Mexican's devotion to 'Nino Dios' evolves into colorful tradition - Catholic Courier
A buyer looks at a small figure of Baby Jesus in front of a shop in Mexico City. "Nino Dios," or Baby Jesus, is big business in Mexico, with sales of everything from clothing to tiny thrones for the statues. A buyer looks at a small figure of Baby Jesus in front of a shop in Mexico City. "Nino Dios," or Baby Jesus, is big business in Mexico, with sales of everything from clothing to tiny thrones for the statues.

Mexican’s devotion to ‘Nino Dios’ evolves into colorful tradition

By David Agren
Catholic News Service

MEXICO CITY (CNS) — From a series of stores on a single street in central Mexico City, Saul Uribe sells everything to do with "Nino Dios," as Baby Jesus is known in this heavily Catholic country.

He has a knack for knowing what people will want when dressing their Nino Dios statues, which can be attired in white dresses, saint costumes or soccer shirts.

What’s popular this year, Uribe said, is "the age of angels," as he opened his showroom in a former convent.

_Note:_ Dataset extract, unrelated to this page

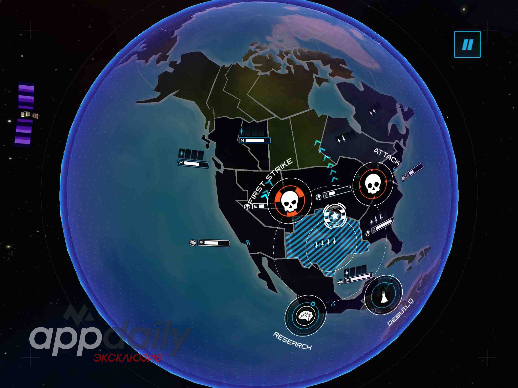 После выбора сверхдержавы предстоит развивать страну, расширять ее границы, исследовать новые разработки (а дерево развития в игре довольно обширное) и наращивать огневую мощь. Управлять всеми этими функциями очень просто: планету можно вращать свайпами, увеличивать и уменьшать масштаб, а выполнять все действия мы будем всего в одно касание. Например, чтобы изучить новые технологии, достаточно просто нажать на одну из наших территорий и из выпавшего меню выбрать «Research», а чтобы атаковать достаточно пару секунд подержать палец на вражеской территории и вылетит ракета. А если вы очень сильно рассердите кого-то, то в вас полетит так называемый «Первый Удар» - огромное множество ядерных ракет, которые не оставят от державы игрока и мокрого места. Но что вам запрещает первым нанести такой удар? Простым в этой игре является только управление. Сам же игровой процесс очень разнообразен: ситуация на политической карте будет постоянно меняться, искусственный интеллект противников не раз заставит вас подумать, как же правильнее поступить. Создадите ли вы свой альянс и покажете всем, кто на самом деле является вершителем судеб, или же падете под гнетом могущественного противника – все зависит только от вас.
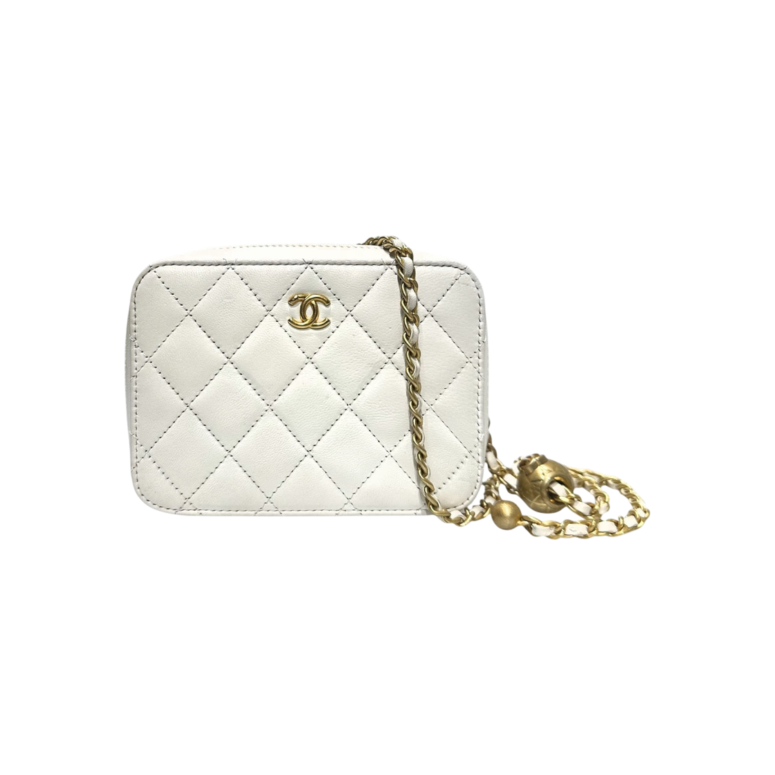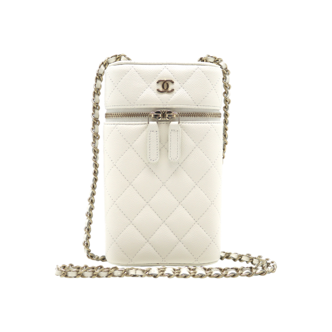샤넬 스몰 체인 코스메틱 케이스 그레인드 카프스킨 & 골드 메탈 화이트

The room was full of Nino Dios statues with wings — except for two humble looking figurines dressed as St. Juan Diego in simple campesino clothing.

"Simplicity," he said, "is out of style."

Nino Dios is big business in Mexico as street vendors and stores sell everything from clothing to tiny thrones for the statues. Repair shops, meanwhile, fix everything from snapped-off fingers to worn eyelashes.

It’s a deep devotion, too, dating to early evangelization efforts in the Americas. Mexicans place their Nino Dios statues in home Nativity scenes on Christmas Eve, then pray the rosary in celebrating the birth of Christ. They dress up the statue to take to church for Candlemas, the feast of the Presentation, Feb. 2.

"Since the times of early evangelization in Mexico, there’s been a great devotion to the Nino Dios," says Father Hugo Valdemar Romero, spokesman for the Mexico City Archdiocese.

The custom is an example of the "popular piety" so commonplace in Mexico, where many people are prone to expressing their religiosity publicly and celebrating special saints, but keeping their distance from priests, parishes and the sacramental part of church life.

Angel outfits are popular this year, but so are Mexican soccer shirts and costumes of saints such as St. Jude Thaddeus — a fast-growing devotion, especially among the downtrodden. Vendors in Mexico City said priests are not fond of the soccer shirts on the statues of Baby Jesus.

Father Valdemar expressed mixed views, saying it could be interpreted as "pagan," but also seen as something sincere.

"We have been warning people to be careful," he said, adding that some in the city have tried dressing their statues like the folkloric Santa Muerte (St. Death), a figure the church considers incompatible with Catholic beliefs.

Priests see no decline in the devotion or a turning away from the Nino Dios tradition — especially among the working class — though people’s understanding of it seems limited.

"Pretty much everyone has one, or two or three or four" statues, said Father Robert Coogan, an American priest serving in Saltillo, in northern Mexico.

"There are also people not well-evangelized," Father Coogan said. "I’ll see people be shocked when I say, ‘There’s not a Nino Dios in heaven.’ Jesus is the crucified Lord who rose again and is seated at the right hand of the Father."

Vendors on Calle Talavera in Mexico City, where several blocks are dedicated to stores and stands selling Nino Dios articles, said business is brisk, but that people tend to buy the statues as gifts for others. The person giving the Nino Dios becomes a "godparent."

The clothing on the statue presented is symbolic as well, at least during the first four years. In the first year, the statue is dressed in white. The second year it’s dressed for a baptism and in third year for a first Communion.

In the fourth year, "You dress it as you want," said Claudia Gonzalez, a shop employee on Calle Talavera, where an estimated 1,500 businesses will operate in January.

Gonzalez dressed her Nino Dios as the "Nino Doctor," mainly because her mother was sick and she was asking for intervention. Uribe’s daughter, Sharon, did the same when she was pregnant. Gonzalez said people will dress the statues in colors representing what they are asking of God: red for love, beige for luck or blue for prosperity.

It’s a long way from 1975, when Uribe started selling Nino Dios clothes as a street vendor. At the time people made Nino Dios clothing at home or obtained garments sewed by nuns, he said. All of the garments were white, but he found out, "People didn’t want white any longer," and he began providing new options.

Like the priests, Uribe sees the devotion staying strong and has started exporting Nino Dios merchandise to other Mexican states and to the United States.

"It’s dropped a little due to the growth of non-Catholic sects" in Mexico, he says of the tradition. "But the population has grown as well."